Exactly said and aptly put ji. The gauntlet is now in the hands of the next younger generation of sikhs like yourself...the Sikh is being swallowed alive  by the Bippar Boa constrictor that Macauliffe SAW almost 150 years ago..but we sikhs cant see today..There is not an iota of value in the panajs and collapsing walls..we are failing the next generations by destroying the AUTHENTIC HISTORY and culture of Punjab..


----------



## jasbirkaleka (Oct 6, 2013)

Every religion has to have its own miracles,because that is the kind of things  the followers want to hear of their leaders.

Christ has to be resurrected on the third day,otherwise he would have died the same death as that of the two thieves who were crucified along with him.

All these Sakhis about Sikh Gurus are just fables,but majority of the followers just lap them up.


----------



## Harry Haller (Oct 6, 2013)

jasbirkaleka said:


> Every religion has to have its own miracles,because that is the kind of things  the followers want to hear of their leaders.
> 
> Christ has to be resurrected on the third day,otherwise he would have died the same death as that of the two thieves who were crucified along with him.
> 
> All these Sakhis about Sikh Gurus are just fables,but majority of the followers just lap them up.



it makes you wonder who is actually the atheist and who is the believer.......


----------



## Gyani Jarnail Singh (Oct 6, 2013)

jasbirkaleka said:


> Every religion has to have its own miracles,because that is the kind of things  the followers want to hear of their leaders.
> 
> Christ has to be resurrected on the third day,otherwise he would have died the same death as that of the two thieves who were crucified along with him.
> 
> All these Sakhis about Sikh Gurus are just fables,but majority of the followers just lap them up.

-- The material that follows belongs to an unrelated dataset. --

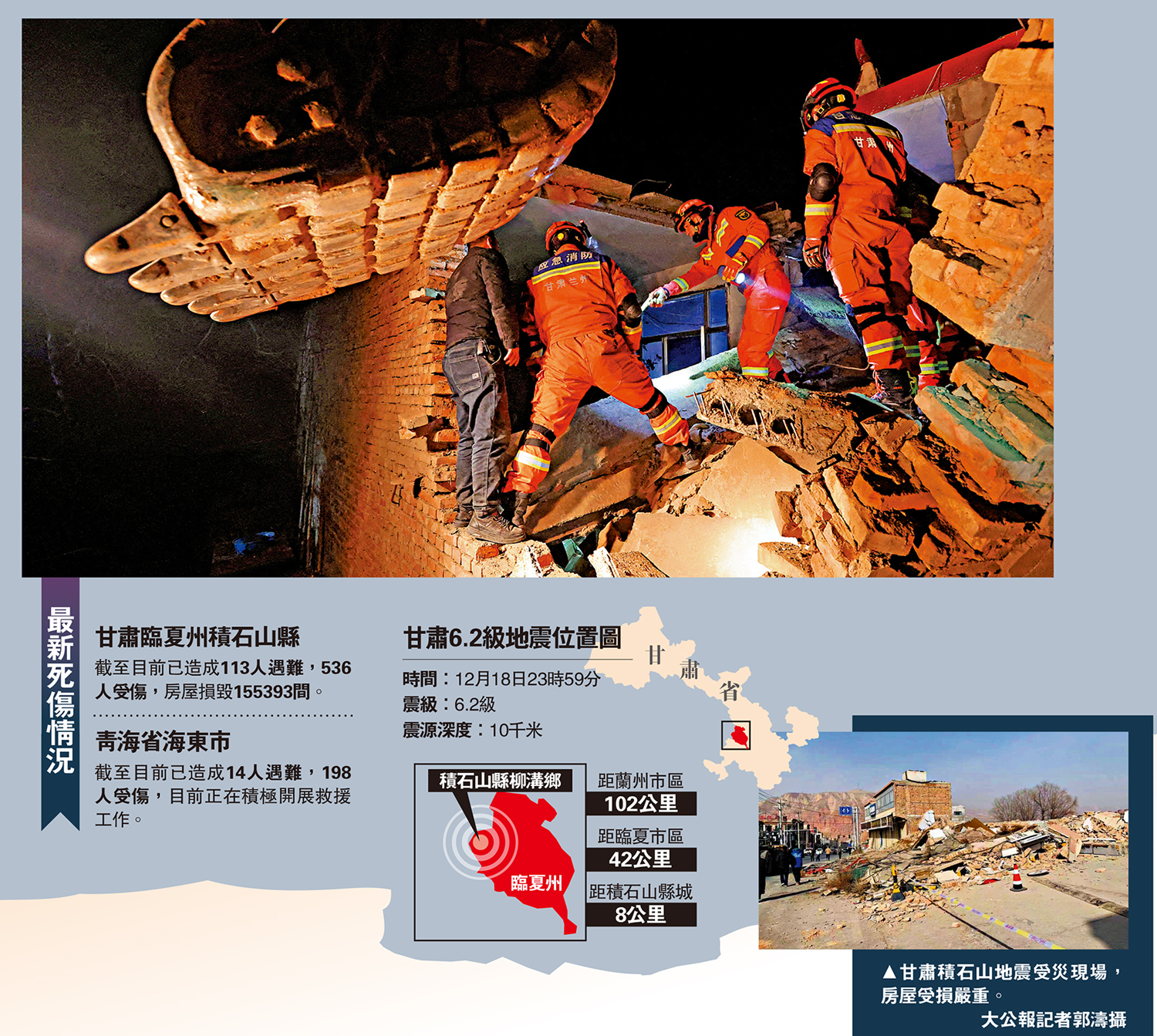 大公報綜合記者郭濤、新華社、中通社、澎湃新聞報道,12月18日23時59分,甘肅臨夏州積石山縣發生6.2級地震,震源深度10公里。強震之後,餘震不斷。截至19日16時,地震已造成甘肅113人遇難,536人受傷,房屋損毀155393間;造成與積石山縣相鄰的青海省海東市三個縣受災,14人遇難、198人受傷。災害發生後,國家多部門迅速啟動應急響應,增調中央救災物資,全力支持災區做好抗震救災工作。中國地震台網公布的此次地震餘震統計顯示,截至12月19日12時00分,共記錄到餘震306次,其中3.0級及以上9次,3.0級以下297次;目前最大餘震4.1級,距主震約14公里。

The followers just "lap" them up..yes ji and the MAJOR problem is that the followers are being served all that rubbish..by our DERAWADEE Babas and Maharpurshs who so intensely DISLIKE GURBANI that they spend all their "parchaar" retelling and repeating these Fables, mahabhartas Ramayans Kathas mythology ad nauseum...and NEVER say a  single word from SGGS or any Gurmatt....so vichareh followers da koi kasoor nahin hai..uhna nu mildah hee RUBBISH hai..lap karneh keh leyeah...

Jara dekho, jitheh hee Gurmatt Gyan or Missionary Sansthanwvan Gurmatt camp laga ke shudh Gurmatt ate NIROL GURBANI hee parchardeh hann..utheh vee ohee FOLLOWER aundeh hann..ate bahut khsuh hundeh hann nirol Gurmatt sunn keh.

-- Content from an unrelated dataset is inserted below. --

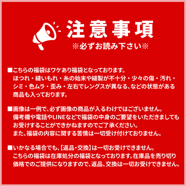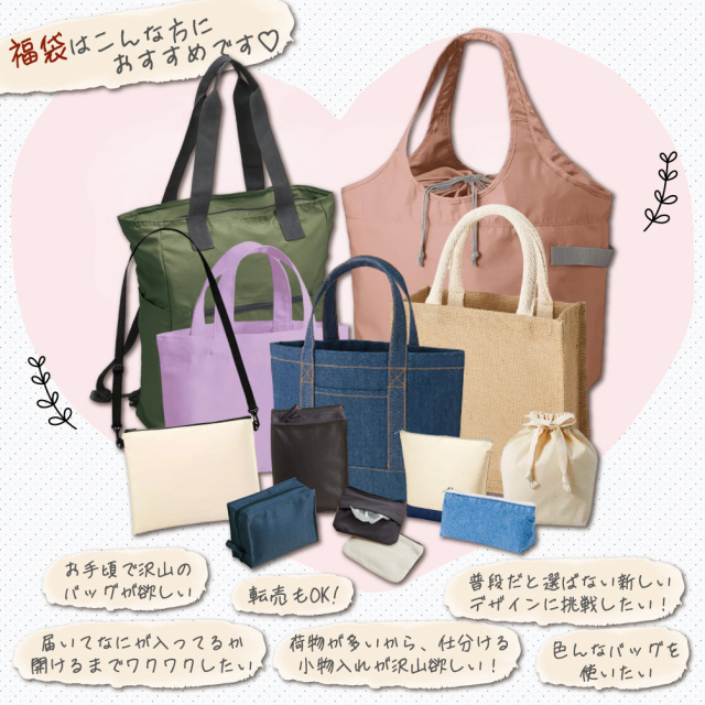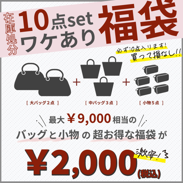 TOP イベント1月 【在庫限り】バッグ ワケアリ 福袋 10点セット サコッシュ ポーチ 価格: ¥2,000 (税込) [ポイント還元 20ポイント~] 販売期間: 商品について: 訳アリ福袋のため、ほつれ・縫いもれ・糸の始末や縫製が不十分・少々の傷・汚れ・シミ・色ムラ・歪み・左右でレングスが異なる商品も入っております。 選択してください 了承しました。 返品交換不可: 画像は一例となっております。 商品に関する苦情や返品・交換は一切お受けできません。 選択してください 了承しました。 ラッピングは対応しておりません。: 選択してください 了承しました。 数量: 個 在庫 ○ 返品についての詳細はこちら 商品のお届けに関し こちらの商品は送料別で宅配便となっております。 通常宅配で発送の為「お届けご希望日時」ご指定頂けます。ただ、こちらの商品は発送まで3~5日掛かりますので、3営業日以降の日付設定でお願い致します。 Tel:0479-74-8261(受付:9:00-17:30※土日祝は定休) 配送について 宅配便発送にて、ご購入者様と受取人様が異なる場合は、送り状品名にご購入者様のお名前を記載させていただきます。 直送される方はなるべく事前に受取人様へご連絡をお願いいたします。 お問合せはこちら

Kasoor DERAWAD da hai..jisnu POLITICAL POWER da barawwa hai...


----------



## SaintSoldier1699 (Oct 7, 2013)

I remember reading Dr Dilgeer's Sikh History collection and in there he said it was a common thing to take foot prints, hand prints of important people who came to visit areas in certain places of certain culture (a very early concept of Hollywood Boulevard! 

Thus, this could or could not be a hand print of Guru Nanak but shouldn't make an ounce of difference to a Sikh if they actually follow the teachings of Guru Nanak than give honor to a stone with his hand print.

Seems to be another opportunity someone took to capitalize on people's emotion to bring in affluence to the establishment and area!


----------



## mystery (Nov 30, 2022)

Story goes that guruji on his many travels around the world preaching of sikh religion in Pakistan sri guru nanak dev ji maharaj left his handprint the five fingers and handprint of 1st guru makes name sri panja sahib gurdwara in Pakistan- panj = 5 meaning 1st guru five fingers thus his handprint, true story my parents are Sikhs and know it, maharaj ji kothak meaning power from God was so just when he embedded his handprint it goes deep into the boulder, it's said to test the theory many skeptics tried rubbing off the print but could not as power so powerful from gurujis hand it's indent is embedded deep into the stone where guruji handprint remains, thus many sikh pilgrims do Darshan today and matha tek in gurdwara panja sahib as sign of respect to Sikh religion waheguru ji


----------